The two met again the following August. This time, Griffin was the victim of two knockdowns and a vicious left hook that ended the fight after only 2 minutes, 31 seconds. Griffin still has trouble accepting his fate in that fight.

“I was rushed into the ring,” he said. “I didn’t warm up five minutes for that fight. Watch the tape. All my friends thought it was tape delayed. It showed Jones warming up; it showed me in street clothes. Five minutes later I was in the ring.

“It’s in the past. I don’t want to whine about it. But it’s something I’ve had to live with the rest of my life. I can take a punch. I fought some of the best punchers of the era and no one did that to me. I just wasn’t warmed up.”

Griffin (50-8-1, 30 knockouts) last fought in 2011 – 18 years after he turned pro – but would receive only two more title shots and lost both, to Dariusz Michalczewski in 1999 and Antonio Tarver in 2003.

Today, looking fit at 44, Griffin is a Cook County (Illinois) Sheriff’s deputy and runs a boxing program for at-risk kids.

“Why didn’t I get credit for what I did?” he said. “First of all, I came out of nowhere. No one really knew who I was. I was a 5-7 light heavyweight, outjabbing and outboxing people. People thought I was a fluke my whole career. I never got the credit I deserved. I beat two Hall of Famers. I didn’t run from anyone.

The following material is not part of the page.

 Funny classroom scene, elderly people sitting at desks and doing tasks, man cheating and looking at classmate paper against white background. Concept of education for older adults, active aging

“Virgil Hill and Mike McCallum both told me I was a Hall of Famer. Coming from my peers, that’s enough for me.”

***

I met Jack Reiss about 20 years ago when I was covering a fight card at the Country Club in Reseda, California. He introduced himself and told me excitedly that he was in the process of becoming a referee. I didn’t talk to him long but I remember being impressed.

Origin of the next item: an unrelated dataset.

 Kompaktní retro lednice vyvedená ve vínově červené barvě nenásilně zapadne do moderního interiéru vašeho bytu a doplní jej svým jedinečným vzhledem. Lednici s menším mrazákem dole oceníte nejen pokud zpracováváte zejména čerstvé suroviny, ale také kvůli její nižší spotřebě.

Now I’m REAreiss-photoLLY impressed.

Reiss, who has worked about 50 title fights, was among the inductees on Saturday, recognition for what those in the boxing business already knew about him: He’s one of the best in the business.

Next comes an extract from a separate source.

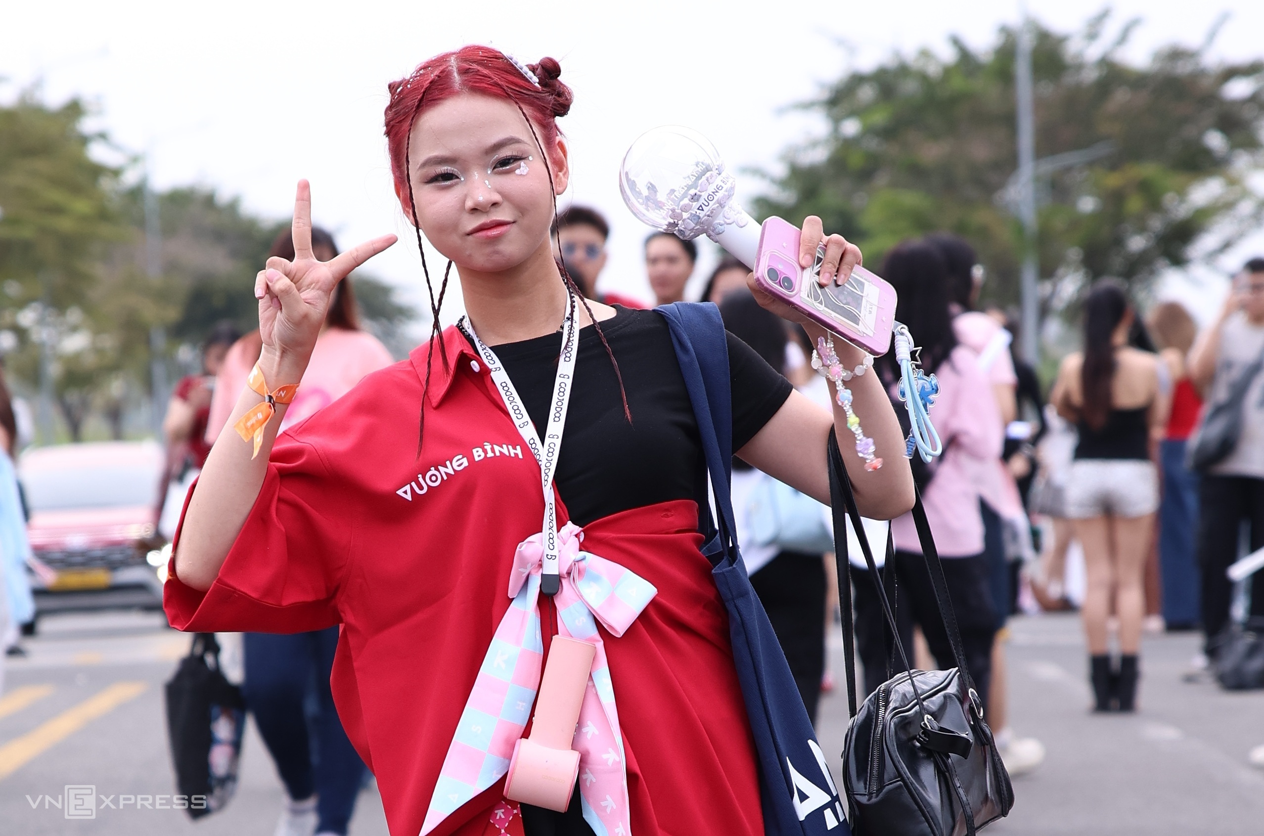 A fan of Vuong Binh dyed her hair and wore many accessories. The "bling bling" makeup trend has been popular among young people for about two years, favored by many young girls for its ability to create a distinctive look. |

I’ve been covering boxing for a quarter century. I’ve never met anyone in the sport more dedicated to his craft than Reiss, a retired fire captain. He works unbelievably hard in a never-ending effort to improve. He’s a great ref. And he’s only getting better.

“I don’t know other than what my wife tells me,” he said when asked why he feels he has succeeded as a referee. “I do everything with passion; I work really, really hard. I think that comes from my upbringing; I didn’t have anything growing up. If I want something now, I’m a pit bull, I go after it.

“And I’ve been very fortunate to have a really good support system, between my family and the guys (fellow referees and officials) I talked about. They’ve given me constant feedback. I have broad shoulders. I can take people saying, ‘You didn’t do a good job.’ I say, ‘Tell me why.’ If there’s truth to what they say, I can change it. That’s how to get better.”

Reiss also is one of the best people I’ve met in boxing, a warm, genuine guy who makes everyone feel as if they’re important. I’m proud to have him as a friend.

***

Other inductees on Saturday were: Jose Napoles, the welterweight great from Cuba; TV analyst Max Kellerman; Ricky Romero, a former junior bantamweight contender; Ersi Arvizu, a women’s boxing pioneer and singer; Louis Perez, a former junior lightweight; Elias and Erick Madrid, twins brothers who found success in the 1980s and ’90s; Pete Rokas, a promoter in Fresno, California; Mike Sedillo, a light heavyweight and heavyweight who faced some big names; Jose Luis Pimentel, a featherweight from the 1960s; Jerry Cantu, a referee and judge; Willie Lucero, a junior lightweight from the 1950s; Phil Barba, who won each of his seven pro fights; “Baby Joe” Ruelaz, a featherweight who once fought Freddie Roach; Abe Gomez, a former featherweight contender; Jaime Ocegueda, a former junior welterweight contender; Lou Moret, referee and judge; Marty Sammon, referee and judge; Emile Griffith, the great welterweight and middleweight champ; Salvador Sanchez, the great featherweight titleholder whose life was cut short in a car accident; Johnny Ortega, a flyweight from the 1950s; Oscar Reyes, a welterweight from the 1950s; Bobby Castro, a middleweight from the 1940s; manager Art Avizu; Red Shannon, a middleweight from the 1940s who became a trainer; Earl Beebe.